To that end, it has used a significant portion of the debt it has raised to date to acquire and create value-added services beyond POS payments in areas such as business banking (the basic version of which is free), online payments, and business services around both.

This is an integral part of the evolution of space. At a time when other companies in the same business as SumUp have either diversified heavily into areas like cryptocurrency (the original player here, Square, went so far as to rebrand it as Block) or were swallowed up by even bigger fish (See: PayPal Acquisition of iZettle), SumUp positions itself as a fintech consolidator for SMBs.
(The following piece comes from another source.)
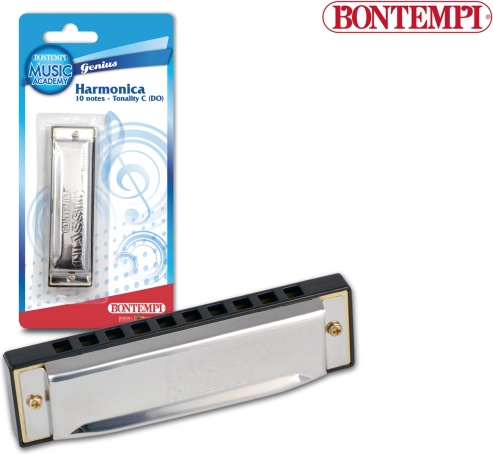 Metalen mondharmonica met metalen rooster, 10 noten, afmeting 100 x 20 x 30 mm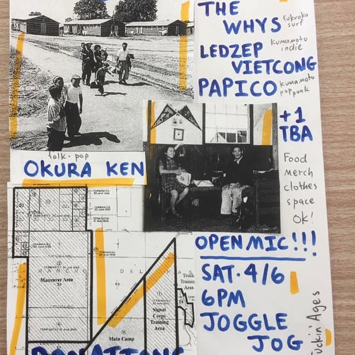 The next Gumby core event will be held at Jogglejog in Kawaramachi. The plan is to add bands with an open mic. I also wanna have some tables outside where folks can sell or give away stuff. The show will resemble more of an American house show atmosphere rather than a live house feel. It’s all ages and donations are accepted. John Jay Onyskin

In a very fragmented space, the company has bought up companies to complement and expand its payment platform, such as payeven (“Square clone” hatched on Rocket Internet), Goodtill, Tiller and US-based customer loyalty startup Fivestars. And when you consider all the elements involved in buying and selling goods and services, SumUp has a lot of areas to tackle – big data analytics, additional tools to create, manage and optimize, the online sales experience for its customers, more technologies that can be used to improve how goods are sold in a physical trading environment, and so on—all areas that SumUp can get closer to, either by building its own technology or through more mergers and acquisitions.

That strategy appears to have worked: Overall, SumUp’s revenue has grown by 60% annually over the past couple of years, Crist said. He added that about 10% of the 4 million businesses currently use his business banking services, potentially making SumUp “the world’s largest neobank for SMEs.”

However, turning that statistic around, POS payments still make up the bulk of the company’s revenue, so the 60% growth is not only a testament to the fact that SumUp has been able to expand this business over the past two years, but also to the fact that personal and POS payments remained active areas for transactions.

The same can be said about the company’s global strategy. While SumUp notes that it currently has a presence in 35 markets and is expanding into other developing countries – its most recent launch was in Peru – its home market in Europe remains its largest geographic footprint at the moment. “Obviously Europe is the driver and EMEA is still the driver of new revenue,” said Michael Schresenmeier, CEO for the region.

“SumUp has continually evolved to provide the growing and diverse small business landscape with payment solutions and tools to effectively connect with their everyday consumers,” Darren Abrahamson, managing director of Bain Capital Tech Opportunities, said in a statement. “SumUp’s leadership team has led the company to sustainable and accelerated growth through expansion into over 30 countries where they have had a direct and positive impact on the small business ecosystem. We are proud to be able to bring our deep expertise in fintech and payments to help SumUp push the boundaries and become a leader in an incredibly competitive industry.”